The inconspicuous Kropotkinsky Lane stretching parallel to the Garden Ring from Bolshoy Levshinsky Lane to Ostozhenka Street is almost lost in the maze of Arbat narrow streets. The lane (previously called Shtatny) was named after Pyotr Kropotkin (1842-1921), a famous geographer, traveler and theoretician of anarchist doctrine.
Surrounded by Soviet-era buildings, Kropotkinsky Lane nevertheless boasts several gems of old Moscow architecture. One of them is an old one-story mansion of light yellow color with the number 26. The house dates back to the early 19th century, when the plot belonged to Pyotr’s grandmother, Princess Gagarina. A one-story wooden building commissioned by her was erected in 1817 in a classic Moscow style of that time. The main façade was decorated with 12 high narrowed windows and a main entrance, with an extended pediment in front of it, resting on six wooden Ionic columns.

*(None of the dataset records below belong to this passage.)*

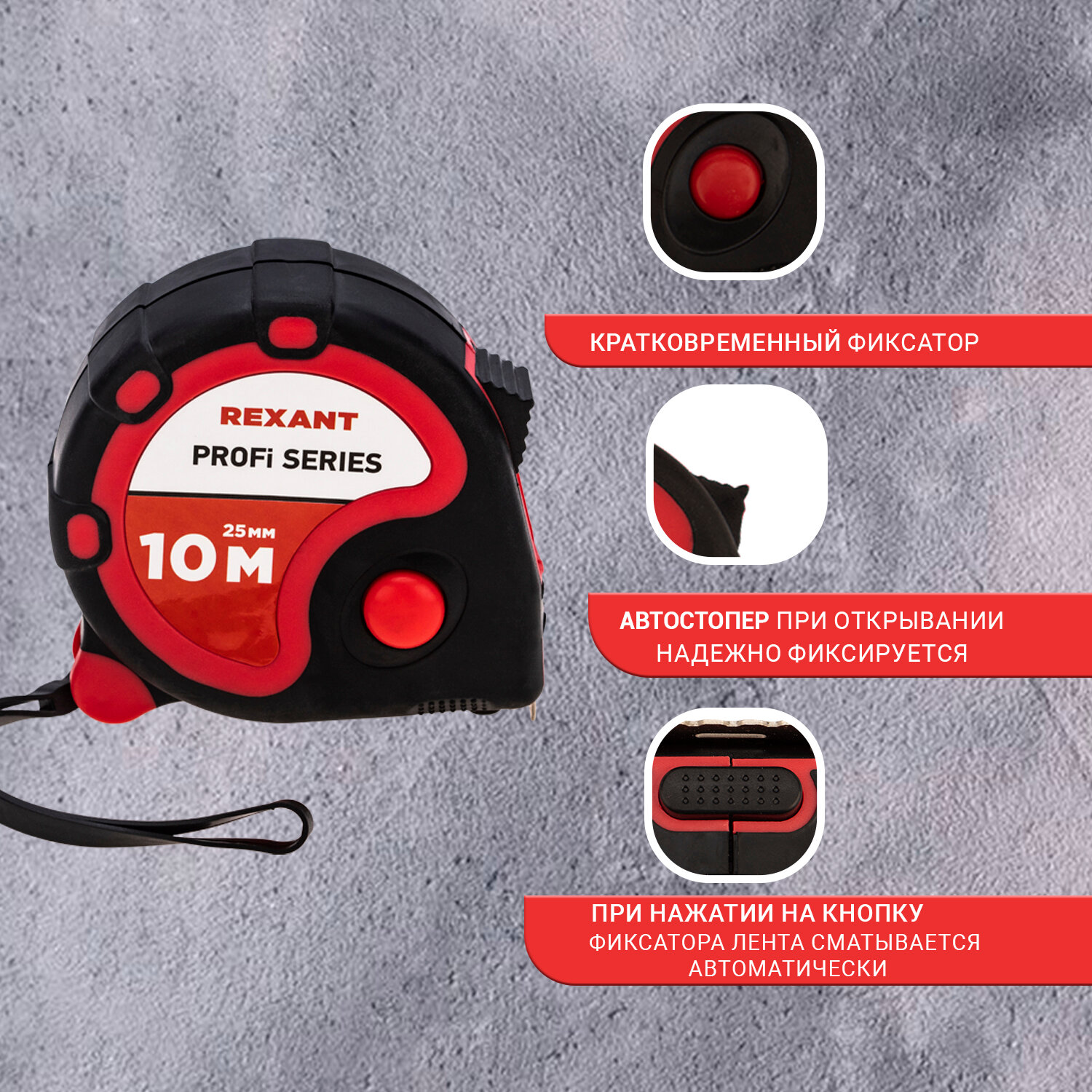 10 цен на Рулетка "Профи" с клипсой для крепления на пояс, 25 мм х 10 м REXANT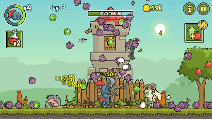 A small idle game. The knight saves the princess. You must destroy the tower. Collect food to increase the hero's strength. Use upgrades and assistants to complete the mission as quickly as possible.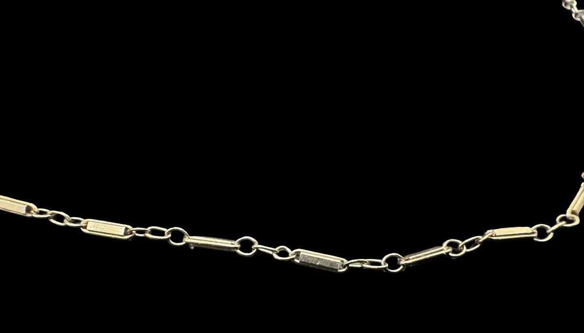 [2.46g] This is a bar and link chain, in white gold. It appears to be free of defects. Measurement: 17”L. [JP]
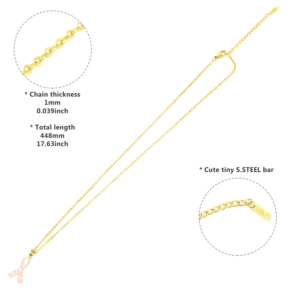 Pink Ribbon Charm Pointed Stainless Steel Ball Beaded Stretch Bracelet
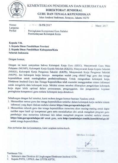 Berikut salinan Surat Edaran Direktorat Jenderal Guru & Tenaga Kependidikan (Dirjen GTK) Nomor : 07545/B/PR/2017 tanggal 6 Maret 2017 yang admin download dari laman dispendik.surabaya.go.id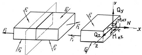 Со стороны отброшенной части тела на оставшуюся действуют распределенные по сечению внутренние силы. Из уравнений (5.1) и (5.2) можно выразить через внешние силы не закон распределения внутренних сил, а только их равнодействующие. В общем случае систему внутренних сил можно привести в точку к одной силе (главному вектору) и к одной паре сил (главному моменту). Выберем систему координат осей x , y , z с началом в центре масс сечения (рис. 5.1, б). Ось x направим по нормали к сечению, а оси y и z расположим в его плоскости. Составляющие внутренних сил определим из уравнений (5.1).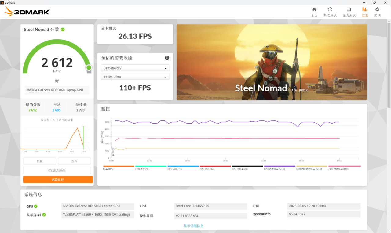 ▼Steel Nomad是衡量的是现代图形API(DX12/Vulkan)在无光追、纯光栅的实际性能,在2K分辨率下最终测得2612分,26.13FPS。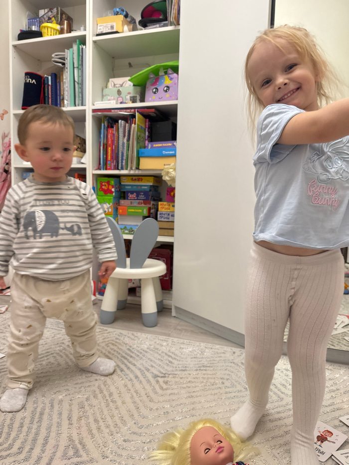 Two children are in the frame. One, a girl, is older with blonde hair, wearing a light blue top with the words "Funny Bunny" on it, and cream leggings. She is smiling at the camera. The other child, a…read more

Two decades later, the estate became the property of Ekaterina Sulima, the daughter of the hero of the Patriotic War of 1812, Nikolai Sulima, and the wife of Alexei Kropotkin, a member of an old princely family. Soon the mansion got a stone foundation, mezzanines and two extensions.
On November 27 (December 9 by the old calendar), 1842, the couple had a son, Pyotr, but he did not live there long: his mother died when the boy was three and a half years old, and his father decided to sell the mansion.
Over the next eight decades, the house changed owners until the building was nationalized in the late 1910s. After the death of Pyotr Kropotkin in February 1921, the Soviet Government decided to commemorate him: Shtatny Lane was named after the anarchist and the mansion got a memorial plaque made by the sculptor Sergei Merkurov,
On December 9, 1923, the house with the current number 26 was reopened as the Kropotkin Museum. Many followers and admirers of the anarchist teachings of Pyotr Kropotkin donated money for its foundation: George Bernard Shaw, Herbert George Wells and many others. By 1928, the institution included an extensive exhibition, a library and a recreated London office of Pyotr Alekseevich.
In the second half of the 1930s, the building was under the jurisdiction of the USSR Government, and in 1939, the museum was finally closed. Since 1972, the Kropotkin mansion has housed diplomatic missions.
In the mid-2000s, GlavUpDK carried out a complex restoration of the building to recreate its historical characteristics. During the restoration work, dilapidated wooden roof and roof structures were replaced, the water collection and heating systems were renovated, the façades were painted.
The plaster moldings in the reception room was restored and the plaster finish on the ceilings was replaced. Specialists managed to restore the door blocks of the first floor using surviving samples, and the front area of the interior acquired a holistic, ceremonial character.
The mansion is a regional cultural heritage site.